Friday, January 25, 2008
In past eras, when an ad broad had a bad day, she'd duck into a smoky bar on the way home, puff a few chesterfields, knock back some martinis, then pour herself into a taxi feeling much, much better. (Though presumably much, much worse the next morning.)
How do ad broads today recover from a week as toxic as the one I just had? They treat themselves to qi gong massage, a therapeutic treatment that's been big in China for 3000 years. (A culture that definitely knows about stress.)
Qi Gong parlors aren't advertised (or regulated). In NYC, they're usually on the second floors of walk-ups. No frou-frou decor--massage tables are side by side, separated only by cloth curtains. (Not for prudes.) No Enya music. No terrycloth slippers. Not even appointments. Just several small women with hands of steel and unerring precision in knowing how to knead your troubles away. Next best thing is the price: about a dollar a minute. But tip well--they'll remember!

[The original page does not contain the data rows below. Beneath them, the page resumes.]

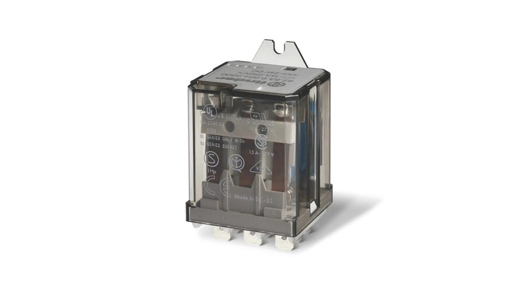 Relè di potenza Finder, 3PDT, bobina 24V cc, montaggio su flangia. Corrente di commutazione 16A, numero di poli 3. Approvato CSA e EAC. Design compatto per integrazione nel sistema di controllo, tecnologia avanzata per rilevamento accurato dei segnali, affidabile per ambienti industriali.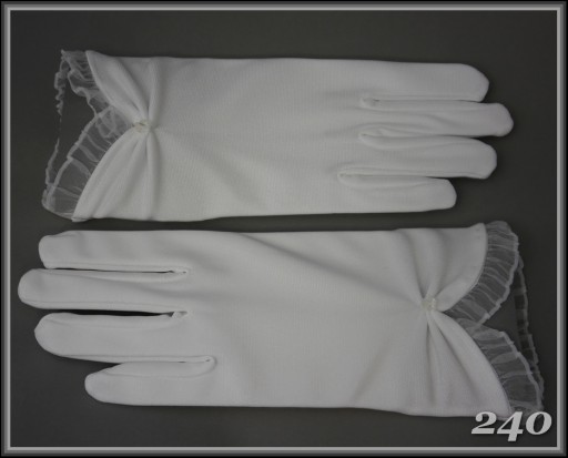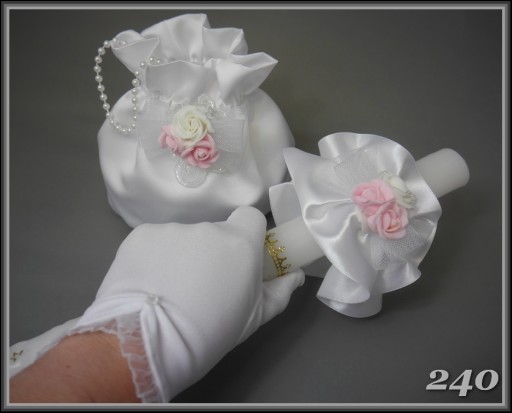 Komplet komunijny: torebka w kształcie woreczka satynowa ozdobiona koronkową aplikacją z kolorową przypinką, rękawiczki, okapnik satynowy. Do kompletu można dopasować wianek lub opaskę dostępną na naszych pozostałych aukcjach. Produkt Polski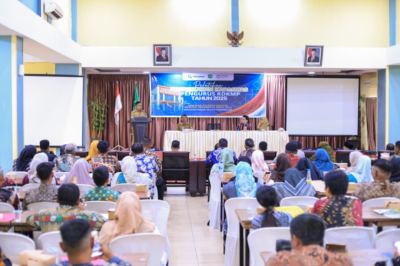 JURNALMADANI — Bupati Kepulauan Meranti AKBP (Purn) H. Asmar membuka Pelatihan Peningkatan Kapasitas Pengurus KDKMP (Koperasi Desa/Kelurahan Merah Putih) Tahun 2025 yang mengusung tema “SDM Talenta Unggul Menuju Indonesia Emas”, Senin (24/11/2025) di Gedung Afifa, Selatpanjang.

Here's a list of a few in New York. The place I go to isn't on the list: it's 214 West 72nd where a sign promises (in twelve different typefaces) that qi gong smooths the process of delivering oxygen to the cells, reduces stress, improves bowel functioning, also alleviates chronic kidney disease, liver disease, lower back pain, myopia, obesity, neurasthenia, paralysis induced by external injury, retinopathy, rheumatism, sciatic neuralgia, sleeplessness, stress, ulcers, and peripheral vascular disease.
Obviously, no pesky DDMAC reviews required for this category.